Featured article by Emily Roberts, Independent Technology Author

social business 300x200 What Type of Hosting Is the Best for Your Business?

While having a website is essential for your business’ survival today, what many don’t realize is that you have options when it comes to web hosting. In fact, there’s more than one type. What type of hosting is best for your business? We’ll give you the information you need to decide.

Shared Hosting

Shared hosting, sometimes called virtual hosting, is when your website and several others are run virtually on the same, shared server. Each site sits on its own virtual partition, so it operates as if it is running on its own server. There are plenty of pros and cons to shared hosting.

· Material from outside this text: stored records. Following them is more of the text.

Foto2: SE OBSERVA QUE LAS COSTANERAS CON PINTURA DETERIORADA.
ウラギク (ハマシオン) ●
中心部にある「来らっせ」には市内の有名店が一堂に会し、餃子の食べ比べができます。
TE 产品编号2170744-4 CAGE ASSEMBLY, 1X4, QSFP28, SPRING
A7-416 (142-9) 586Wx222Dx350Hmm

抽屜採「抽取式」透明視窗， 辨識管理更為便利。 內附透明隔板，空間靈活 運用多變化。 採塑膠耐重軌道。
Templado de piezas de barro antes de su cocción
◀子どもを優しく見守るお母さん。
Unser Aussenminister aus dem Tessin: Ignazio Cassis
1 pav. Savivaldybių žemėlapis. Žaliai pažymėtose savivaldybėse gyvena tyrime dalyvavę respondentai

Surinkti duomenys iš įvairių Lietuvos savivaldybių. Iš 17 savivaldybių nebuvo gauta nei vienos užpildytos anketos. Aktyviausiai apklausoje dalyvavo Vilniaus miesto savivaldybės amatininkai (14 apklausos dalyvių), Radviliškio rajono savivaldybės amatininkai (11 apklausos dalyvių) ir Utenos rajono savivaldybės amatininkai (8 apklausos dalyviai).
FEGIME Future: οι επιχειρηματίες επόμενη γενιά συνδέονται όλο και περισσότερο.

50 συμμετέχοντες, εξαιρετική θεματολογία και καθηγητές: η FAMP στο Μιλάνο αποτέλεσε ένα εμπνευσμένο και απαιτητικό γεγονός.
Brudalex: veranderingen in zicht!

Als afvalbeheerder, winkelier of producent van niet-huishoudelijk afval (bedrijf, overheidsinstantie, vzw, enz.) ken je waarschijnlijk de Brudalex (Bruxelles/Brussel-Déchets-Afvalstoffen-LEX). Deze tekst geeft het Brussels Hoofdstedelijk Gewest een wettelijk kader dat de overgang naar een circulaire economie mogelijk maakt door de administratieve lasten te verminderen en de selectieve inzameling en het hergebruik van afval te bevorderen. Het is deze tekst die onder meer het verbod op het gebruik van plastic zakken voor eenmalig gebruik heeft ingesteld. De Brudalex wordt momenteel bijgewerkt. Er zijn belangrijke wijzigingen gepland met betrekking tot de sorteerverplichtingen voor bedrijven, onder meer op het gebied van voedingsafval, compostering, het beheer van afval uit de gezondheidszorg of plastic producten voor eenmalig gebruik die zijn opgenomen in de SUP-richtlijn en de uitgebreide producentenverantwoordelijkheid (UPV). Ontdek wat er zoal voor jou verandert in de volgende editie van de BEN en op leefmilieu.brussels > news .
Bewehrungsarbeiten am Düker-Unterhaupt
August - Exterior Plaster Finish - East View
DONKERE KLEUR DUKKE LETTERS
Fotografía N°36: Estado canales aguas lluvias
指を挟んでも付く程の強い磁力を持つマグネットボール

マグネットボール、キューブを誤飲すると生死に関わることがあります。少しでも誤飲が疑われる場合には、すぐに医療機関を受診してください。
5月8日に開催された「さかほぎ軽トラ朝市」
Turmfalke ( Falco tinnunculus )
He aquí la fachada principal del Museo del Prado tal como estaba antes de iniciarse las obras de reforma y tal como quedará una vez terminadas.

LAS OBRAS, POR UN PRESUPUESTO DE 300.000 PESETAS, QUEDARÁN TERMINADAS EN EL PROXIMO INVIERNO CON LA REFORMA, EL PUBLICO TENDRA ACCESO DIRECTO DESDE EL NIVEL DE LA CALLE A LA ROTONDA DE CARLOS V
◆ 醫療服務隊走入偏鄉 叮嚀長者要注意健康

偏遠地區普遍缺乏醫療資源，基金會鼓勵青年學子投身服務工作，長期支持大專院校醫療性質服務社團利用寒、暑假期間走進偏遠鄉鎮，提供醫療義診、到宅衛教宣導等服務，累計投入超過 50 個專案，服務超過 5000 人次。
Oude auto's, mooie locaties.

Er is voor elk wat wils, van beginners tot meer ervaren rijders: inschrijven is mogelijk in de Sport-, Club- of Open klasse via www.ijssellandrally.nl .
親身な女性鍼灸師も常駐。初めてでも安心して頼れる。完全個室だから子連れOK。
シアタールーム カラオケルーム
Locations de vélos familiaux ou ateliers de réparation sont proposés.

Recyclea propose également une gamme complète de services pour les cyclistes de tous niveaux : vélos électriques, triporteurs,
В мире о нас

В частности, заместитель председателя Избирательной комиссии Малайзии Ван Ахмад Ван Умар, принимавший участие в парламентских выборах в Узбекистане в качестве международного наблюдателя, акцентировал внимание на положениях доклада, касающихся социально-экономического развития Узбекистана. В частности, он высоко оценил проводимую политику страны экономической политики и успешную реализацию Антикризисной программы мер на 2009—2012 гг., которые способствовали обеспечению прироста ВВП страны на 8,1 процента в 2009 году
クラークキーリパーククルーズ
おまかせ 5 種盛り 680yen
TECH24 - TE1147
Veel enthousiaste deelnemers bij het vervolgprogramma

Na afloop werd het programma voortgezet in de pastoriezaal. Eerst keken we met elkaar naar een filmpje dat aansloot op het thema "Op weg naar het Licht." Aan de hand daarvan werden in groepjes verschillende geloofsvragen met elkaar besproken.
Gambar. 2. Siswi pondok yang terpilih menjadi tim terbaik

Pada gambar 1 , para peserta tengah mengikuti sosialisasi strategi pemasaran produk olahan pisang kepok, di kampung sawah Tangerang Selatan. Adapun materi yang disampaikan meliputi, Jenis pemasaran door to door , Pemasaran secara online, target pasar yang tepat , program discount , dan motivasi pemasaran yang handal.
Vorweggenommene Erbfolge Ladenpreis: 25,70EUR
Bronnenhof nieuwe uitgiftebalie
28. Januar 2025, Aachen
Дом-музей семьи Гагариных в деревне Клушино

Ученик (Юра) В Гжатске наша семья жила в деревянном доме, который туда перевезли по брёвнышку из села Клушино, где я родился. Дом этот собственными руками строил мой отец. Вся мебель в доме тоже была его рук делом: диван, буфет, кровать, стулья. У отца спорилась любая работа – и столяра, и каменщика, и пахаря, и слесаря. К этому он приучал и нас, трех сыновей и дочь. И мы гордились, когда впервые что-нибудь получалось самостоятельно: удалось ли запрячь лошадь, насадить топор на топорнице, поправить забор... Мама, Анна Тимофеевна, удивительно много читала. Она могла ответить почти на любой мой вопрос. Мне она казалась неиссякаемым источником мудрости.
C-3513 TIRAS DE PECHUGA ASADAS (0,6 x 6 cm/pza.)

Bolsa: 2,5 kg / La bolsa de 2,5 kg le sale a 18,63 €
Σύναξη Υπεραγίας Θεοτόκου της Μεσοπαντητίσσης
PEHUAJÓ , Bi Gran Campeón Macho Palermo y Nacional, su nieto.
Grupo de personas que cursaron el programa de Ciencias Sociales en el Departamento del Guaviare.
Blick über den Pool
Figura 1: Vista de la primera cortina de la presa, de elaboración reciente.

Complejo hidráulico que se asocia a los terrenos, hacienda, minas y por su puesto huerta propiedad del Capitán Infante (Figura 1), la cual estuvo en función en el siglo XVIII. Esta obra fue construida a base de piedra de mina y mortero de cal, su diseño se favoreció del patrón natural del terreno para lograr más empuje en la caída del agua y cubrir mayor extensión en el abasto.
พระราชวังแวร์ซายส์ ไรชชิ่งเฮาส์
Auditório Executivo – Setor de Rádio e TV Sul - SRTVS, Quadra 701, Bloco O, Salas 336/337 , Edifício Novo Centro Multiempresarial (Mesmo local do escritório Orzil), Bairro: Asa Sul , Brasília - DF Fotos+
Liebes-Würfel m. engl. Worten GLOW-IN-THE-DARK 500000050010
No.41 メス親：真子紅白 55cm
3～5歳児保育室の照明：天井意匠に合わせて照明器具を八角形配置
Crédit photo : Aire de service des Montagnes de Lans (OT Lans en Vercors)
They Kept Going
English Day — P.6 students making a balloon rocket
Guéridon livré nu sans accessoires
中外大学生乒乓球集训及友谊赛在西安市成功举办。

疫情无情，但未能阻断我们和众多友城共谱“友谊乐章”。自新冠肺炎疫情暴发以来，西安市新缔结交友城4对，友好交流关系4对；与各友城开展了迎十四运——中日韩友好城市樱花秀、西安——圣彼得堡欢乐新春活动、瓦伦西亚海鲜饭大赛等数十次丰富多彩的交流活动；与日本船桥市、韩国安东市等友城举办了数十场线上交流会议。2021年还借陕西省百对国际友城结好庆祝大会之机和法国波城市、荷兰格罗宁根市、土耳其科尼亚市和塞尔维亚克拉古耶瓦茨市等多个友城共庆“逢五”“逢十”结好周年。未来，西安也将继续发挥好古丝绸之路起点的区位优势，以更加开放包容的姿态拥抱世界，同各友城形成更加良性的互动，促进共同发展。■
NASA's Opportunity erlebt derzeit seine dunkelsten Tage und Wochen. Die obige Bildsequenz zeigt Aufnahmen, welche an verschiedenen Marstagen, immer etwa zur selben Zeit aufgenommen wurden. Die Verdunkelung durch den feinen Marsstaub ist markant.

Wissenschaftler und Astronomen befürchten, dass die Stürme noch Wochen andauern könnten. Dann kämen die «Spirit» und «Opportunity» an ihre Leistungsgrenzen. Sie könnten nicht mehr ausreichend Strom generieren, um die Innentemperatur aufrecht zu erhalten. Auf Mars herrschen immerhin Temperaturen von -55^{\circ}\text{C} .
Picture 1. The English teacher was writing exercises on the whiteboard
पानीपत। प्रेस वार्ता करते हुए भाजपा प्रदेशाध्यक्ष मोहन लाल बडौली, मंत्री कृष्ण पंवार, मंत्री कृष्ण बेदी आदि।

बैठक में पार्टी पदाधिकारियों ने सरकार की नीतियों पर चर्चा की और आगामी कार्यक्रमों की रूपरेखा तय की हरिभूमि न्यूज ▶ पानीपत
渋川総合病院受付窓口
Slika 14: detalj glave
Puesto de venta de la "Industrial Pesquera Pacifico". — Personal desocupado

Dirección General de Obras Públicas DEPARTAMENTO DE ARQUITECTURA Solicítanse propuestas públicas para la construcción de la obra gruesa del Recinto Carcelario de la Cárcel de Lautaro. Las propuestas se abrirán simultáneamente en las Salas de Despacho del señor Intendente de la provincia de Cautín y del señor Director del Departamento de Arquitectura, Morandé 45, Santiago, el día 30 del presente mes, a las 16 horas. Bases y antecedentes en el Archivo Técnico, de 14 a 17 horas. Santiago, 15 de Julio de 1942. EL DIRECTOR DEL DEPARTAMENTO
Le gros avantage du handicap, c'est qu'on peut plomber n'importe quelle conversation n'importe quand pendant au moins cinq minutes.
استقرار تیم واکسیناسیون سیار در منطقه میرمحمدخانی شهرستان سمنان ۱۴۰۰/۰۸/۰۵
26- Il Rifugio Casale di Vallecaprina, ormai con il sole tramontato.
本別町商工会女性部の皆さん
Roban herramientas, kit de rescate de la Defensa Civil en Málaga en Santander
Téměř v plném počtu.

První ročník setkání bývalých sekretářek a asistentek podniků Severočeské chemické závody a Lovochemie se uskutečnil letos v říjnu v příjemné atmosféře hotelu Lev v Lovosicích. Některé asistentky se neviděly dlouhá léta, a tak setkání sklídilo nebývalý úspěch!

One benefit of this model is lower cost since the server maintenance costs are divided among several customers. Companies like Netweaver allow you to run a website for only a few pounds a month and scale up quickly for only a few hundred pounds a month. If you’re sharing a web host with only a few minimal sites or blogs, you could have nearly as much space as a private web host for a fraction of the cost.

Colocation Hosting

Colocation hosting is when you put your own server in someone else’s data center. You have complete control over the server’s configuration and the software installed. You don’t have to worry about your website and e-commerce operations being lost if the main office burns down or loses power. However, you’re still responsible for maintaining the server. You retain a dedicated IP address instead of worrying if it will change when you switch hosts. The colocation hosting option typically provides more potential bandwidth than what most small businesses need.

Colocation hosting is a good choice for those who need a backup system or wants to avoid the need for a backup system while being able to keep their IP address and software configuration. If you need more information on colocation hosting, then visit this article.

Dedicated Hosting

Dedicated hosting is when a client, such as your business, leases an entire server. You aren’t sharing it with anyone. A benefit of this approach is that you have full control over the server’s settings from the software applications installed on it to the server infrastructure, as long as it is within the range of what the web host provides. The web host purchases the hardware and software and maintains it. It is a little cheaper than providing your own server since they are able to repurpose a system if you don’t want it.

In-House Hosting

In-house hosting is when you have a computer room running your own servers. The downside of this approach is that you bear the entire burden of running and maintaining the server, including its costs. You run the risk of your website going down if the business loses power or burns down. One benefit is complete control over the hardware and software. And for very small businesses, running a web host on a spare computer may be enough to get your digital presence started. However, it won’t be enough if you start selling a lot of items online or see a spike in web traffic.

Conclusion

Before you pick your hosting solution, you have to decide your budget, needs, level of security, and what performance and uptime you need. Make sure that you evaluate all of these options and pick the one that fits your operation the best.